Und was machte sie jetzt, da die ersten Häuser der Stadt, in der Sven wohnte, vor dem Zugfenster vorbeiglitten? War sie es, die seine Hand auf einmal festhielt? Ist es so, dass es Gipfelpunkte gibt, in denen Minuten über alles entscheiden? Dass plötzlich die Zeit inne hält und nur dieser Blick alles entscheidet? Natürlich, nur ein Tee. Natürlich, aber was sonst? Svens Scheu war förmlich zu spüren, als er die Tür öffnete, die Wohnung war klein, ein Bett stand in der Ecke, Pflanzen waren überall und überraschend geschmackvolle Poster, es war ärmlich, eng, aber doch angenehm, mit einem einem wunderschönen Tisch aus Kirschholz in der engen Küche. Dachte Luise an Markus, als sie in der Küche Platz nahm? Dachte sie noch an ihn? War es ihr bewußt, dass sie bereit war, sein Leben zu ruinieren, indem sie ihn betrog? Da fassten Svens Hände ihre Hände, sie erschrak. Luise schluckte, seine Hände ließen sie ihre Finger nicht los, im Gegenteil, langsam fuhren sie ihre Handflächen ab.
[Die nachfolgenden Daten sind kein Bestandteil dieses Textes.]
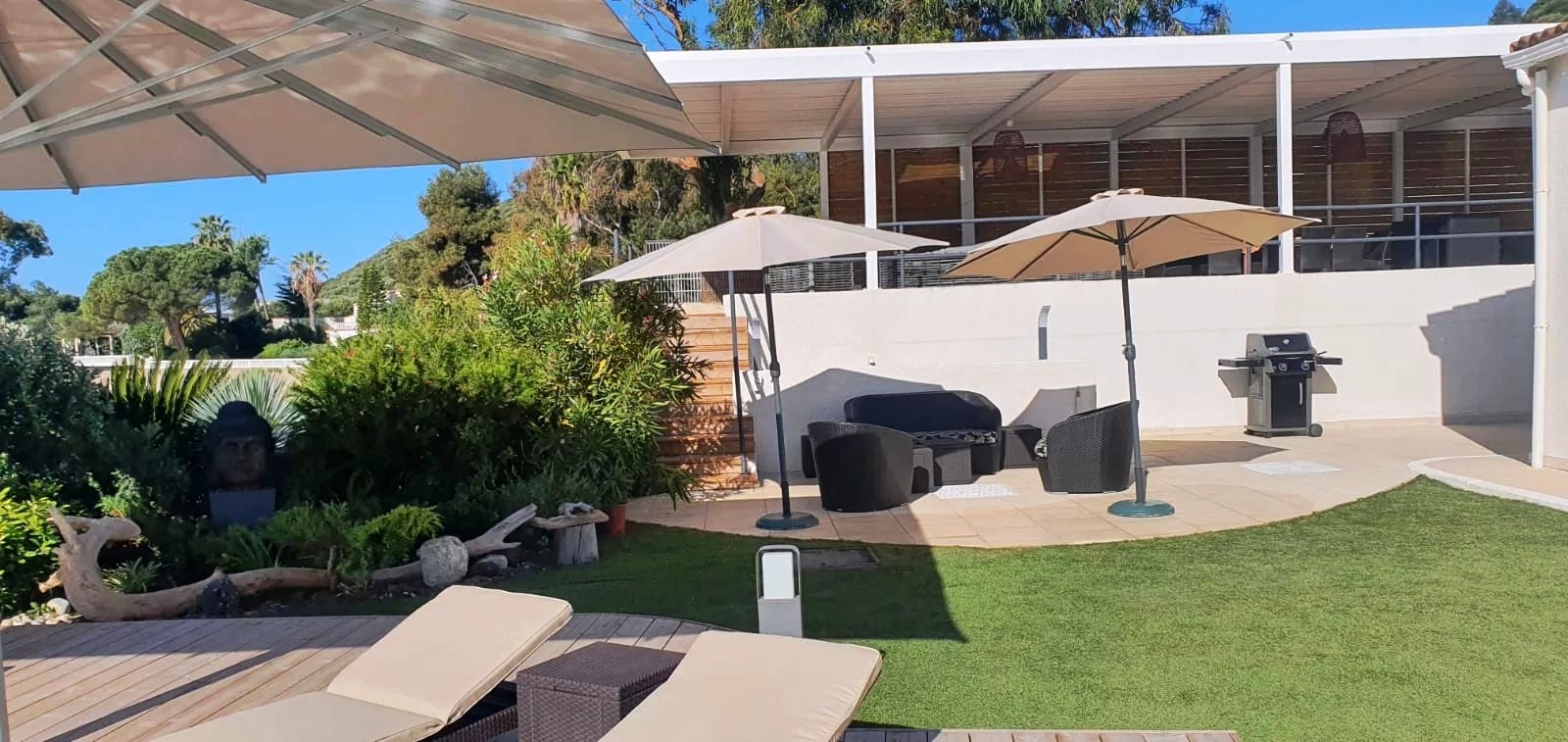 La villa propose des prestations en adéquation avec son standing : climatisation, cheminée, double vitrage, portail électrique, arrosage automatique, éclairage extérieur et système d’alarme. Les matériaux ont été sélectionnés avec soin afin d’offrir un cadre élégant et durable. La propriété est proposée meublée, permettant une installation immédiate dans un environnement parfaitement entretenu.

– Willst Du ein Kind, fragte er, um sich gleich zu entschuldigen und die Hände zurückzuziehen, er blickte scheu nach unten um dann wieder zu lächeln und schließlich sie zu küssen. Seine Haut im Gesicht war weich, seine Zunge zart, aber die Hände waren rau und kräftig, ihr gefiel es, wie seine Finger unter ihrem Pullover nach dem Verschluss des BHs suchten, wie eine Ertrinkende riß sie ihm das Shirt vom Leib, fast zerfetzte sie es nur wegen dieser weißen Haut eines hageren, dünnen Mannes, der so fest zugreifen konnte und trotzdem gesagt hatte, er sei zu schwach, um Gärtner zu sein…

Luise nimmt einen Zug aus ihrer Zigarette. Vielleicht ist auch alles nur erfunden. Vielleicht wäre es auch nur eine Möglichkeit gewesen, die ihr jetzt durch den Kopf geistert, weil sie neben dem jungen Mann gesessen war und sich das alles nur erträumt hatte; sie sich erhofft hatte, der stille, ernste Mann mit den feinen Grübchen in der Wange und dem verschmitzten Lächeln würde ihr mehr schenken als nur ein Lächeln. Und jetzt, jetzt, da sie in den Hof blickt, weiß sie auch nicht mehr, ob sie nicht vielleicht sogar froh sein würde, wenn Markus diese ganze Nacht an dem Pitch arbeiten würde, oder ist es nur, dass sie, jetzt wo es vielleicht soweit sein würde, an den Fremden denkt, der Kafka las.